In short, the liturgy is an extraordinary means of evangelizing man, with all his qualities of mind and the sharpness of his senses, with his capacity for insight and his artistic or musical sensitivity, which better expresses his desire for the absolute than any speech could.

For the liturgy to be carried out properly and fruitfully the formation of celebrants and leaders must be carefully followed, as your diocesan liturgical commissions are doing. Continue to call the attention of liturgical leadership teams to the arrangements for celebrations, preparing them in positive collaboration between the priests and the laity.

Wise pastoral care of the liturgy is one of the most important tasks of the Church's mission, in order to open the ways of communion in the grace of salvation to the greatest possible number. I have treated these issues to encourage the considerable efforts made in your Dioceses since the Second Vatican Council. As I said to a liturgical congress in 1984, it is necessary to keep in mind, "with great balance, God's part and man's, the hierarchy and the faithful, tradition and progress, the law and adaptation the individual and the community, silence and choral enthusiasm. In this way the earthly liturgy will be linked with that of heaven where ... a single choir will be formed ... to raise with one and the same voice a hymn of praise to the Father, through Jesus Christ" (Address, 27 October 1984, n. 6).

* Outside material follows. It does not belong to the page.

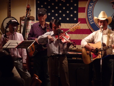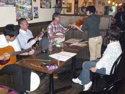 × [PR]上記の広告は3ヶ月以上新規記事投稿のないブログに表示されています。新しい記事を書く事で広告が消えます。 チャックワゴンの元オーナー ハンク佐々木さん。 このときのチャックは本当に面白かった。 エレキギターとハーモニーで一緒に演奏していた。 なんといっても佐々木さんのホスピタリティがすばらしく 金.土の夜は入れないくらいのお客さんでいっぱい。 知り合った人もたくさんいる。 結婚したカップルもたくさんいる。 いろんなことが たくさんあった。 アメリカで挑戦するために 店をゆずることになった。 COWBOY FROM JAPANという曲のデモテープを 作った時にフィドルで手伝ったのを思い出す。 佐々木さんがチャックを手放して以来 ほとんど行っていない。が あさって10日の金曜日、フィドルを持って 行ってみようと思っている。 マウント藤田さんのバンドで、 翌週のパーティのリハがてら。 10数年ぶりのチャックワゴン。 どんな感じかすこし楽しみ。 PR このCDが出てるってしらなかった。 何回も何回も何回も何回も聞いたレコード ドック ワトソン イン ナッシュビル。 カジノでポーカーをやっているドックが うまくいったよ というアルバム。 後ろの壁がピンクペイズリー柄で なんともいいフンイキ。 中身の音楽も超ゴキゲンさん。 ほとんどの曲をコピーして弾いていたのを 昨日の事のように思い出す。 特にブラックベリーラグは大好き。 昔、ヤマハの講師のグレード試験もこれでパスした。 北野タダオ ジャズオーケストラがバックを つけてくれて、終わったときの彼らからの 拍手をいただいたのは、やっぱり嬉しかった。 聞きすぎて、2枚買ったレコードのうちの1枚。 ドックワトソンでは一番すきなアルバム。 内容は 1 Alabama Jubilee 2 Streamlined Cannonball 3 Peach Pickin' Time in Georgia 4 June Apple 5 I'm Thinking of My Blue Eyes 6 Memphis Blues 7 Train That Carried My Girl from Town 8 Old Camp Meeting Time 9 Bye Bye Blues 10 Shady Grove 11 Blackberry Rag 12 Girl in the Blue Velvet Band 13 Rainbow 14 Step It Up and Go 夜にブラックベリーラグを譜面にしてみた。 アイネクライネナハトムジークである。 Tさんのギターレッスンが午前中にあり、 チャーチリックのコードチェンジの練習。 アメジンググレイスをメトロノームに合わせて 練習する。 キーはDで、GとA7の3コードの練習だが リズムを守ってのコードチェンジは最初は上手くいかない。 でもだんだん上手になって来ていて、嬉しくなる。 後半は歌を歌いながらの練習。 メロディを歌ってもらって、こちらは ハーモニーをつける。これも楽しみ。 午後は、クラシックの練習会。 フルート、バイオリン、チェロで練習している。 モーツァルトのフルート四重奏をやっている。 ビオラがいないので、音が少しぬけるのだが、、、。 モーツァルトをやるたびに思うのは よくこんなに素晴らしいメロディがうかんできたなぁ という事。 ふつうは作曲はワンパターンになりがちで 最初は目新しいが、だんだん慣れて魅力が薄れてくる。 だけどこの人のはそういう事がない。 全体的に長調の曲が多く明るいのだが飽きない。 フルート四重奏はD.G.C.Aの4つのキーで書かれ それぞれが4〜5の小品で成り立っている。 ひとつとして同じパターンがなく もう大天才としか思えない。 メロディだけでなく編曲もみごとにからみあって ヴィオラも入れば、どんなに楽しいだろう、と思っている 夏祭りの司会を今年もおおせつかった。 ワタクシの住んでる街、オークタウン。 年に1回の夏祭りがことしもやってくる。 屋台あり、アトラクションあり、踊りありで 超盛り上がるイベント。 アトラクションはバンド演奏やソーラン踊り、 花火から大抽選会まで。 バンドは町外から呼んでいるが 町内の人が参加するのがいいなぁと思っていた。 昨晩はそれの打ち合わせで、その事を話したら 来年は町内バンドで演奏しようという事になった。 それで、音楽同好会を作ろうと思っている。 たぶん、音楽の経験者はいっぱいいらっしゃるだろう。 その人達が出てこられるかといえば、そうでもないかもしれない。 一人でも音楽のたのしさを味わって欲しいと 思っているので、初めてでも初心者でも大歓迎。 ウクレレやギター、バイオリンを弾く人が 楽器を初めてよかったなぁ と思ってくれればウレシイ。 夏祭りだけじゃなく、人生に音楽という エッセンスが加わってくれればいいな。 フィドル教室がはじまる。 JEUGIAカルチャーセンターというのが3ケ所ある。 天神 BIVI 筑紫野イオンモール 粕屋ルクル 筑紫野イオンで今週からフィドルをお教えする事になった。 楽しいバイオリンを弾きたい という事である。 アメリカン フィドル メソッドという教則本を使う。 中級用の曲が27曲はいっていて、楽しいのばっかり。 全曲スラーなどに注意しながら弾いてみた。 はじめて弾く曲も多かった。 バンジョーやフラットマンドリンにつづいて フィドルもお教えする事ができて楽しみである。 バイオリンはきれいな音を出すのがむず
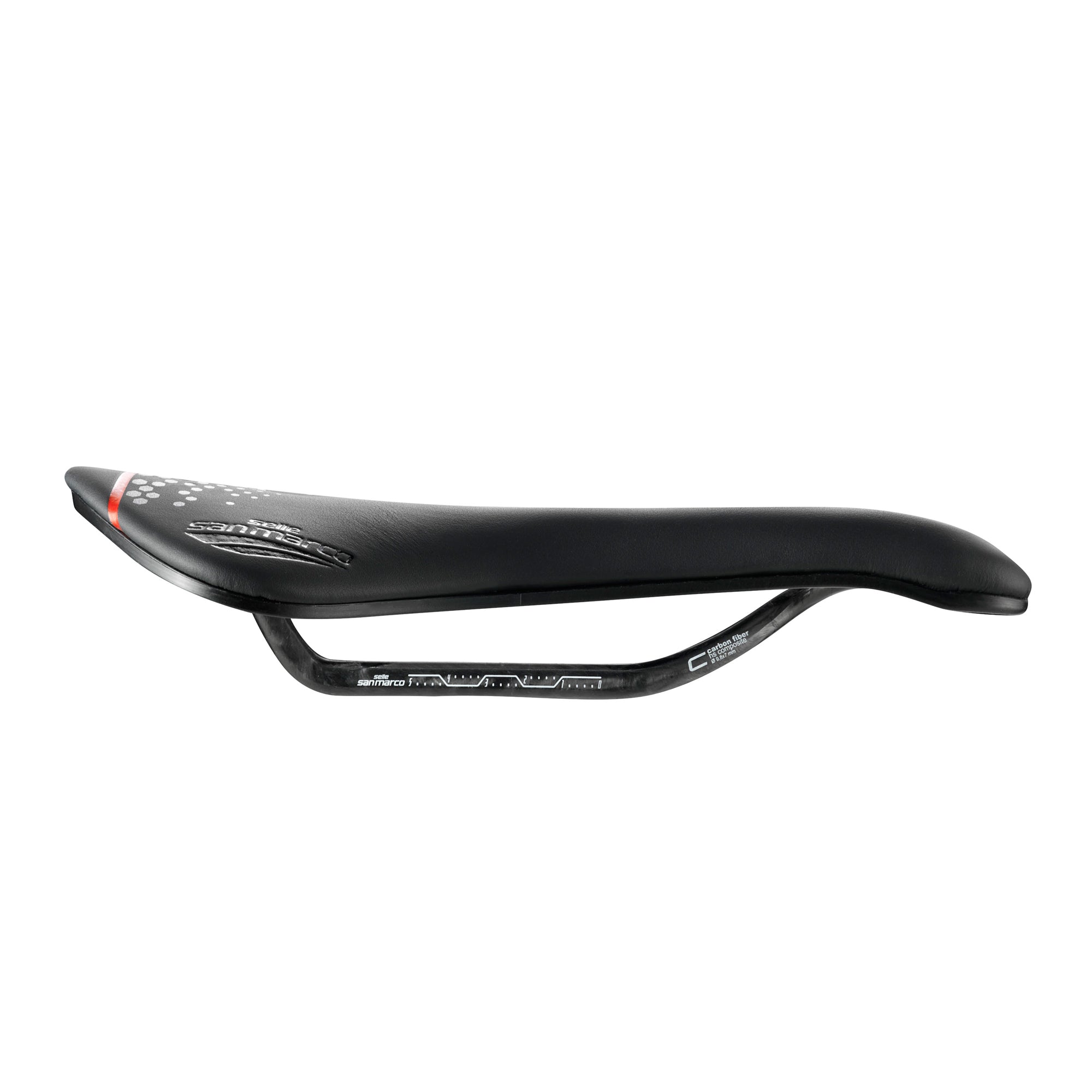 The crossing X shape knot (Dynamic Node Action) enables to increase the rigidity of the rail and also to reduce the weight, avoiding useless spin and torsion, without compromising the comfort. A length greater than the traditional carbon rails you can find on the market, allows one of the best adjustments of the saddle. Superleggera and Carbon FX saddles have this rail.

Let us ask the Lord to help the baptized believe firmly in Christ's action in the contemporary world through the sacraments he has given his Church. Let us give thanks for the devotion of those who contribute to liturgical celebrations in your communities, without forgetting the young people, now more numerous, who serve at the altar and are thus more disposed to hear, if the case should arise, the call of the Lord to follow him in priesthood or the consecrated life.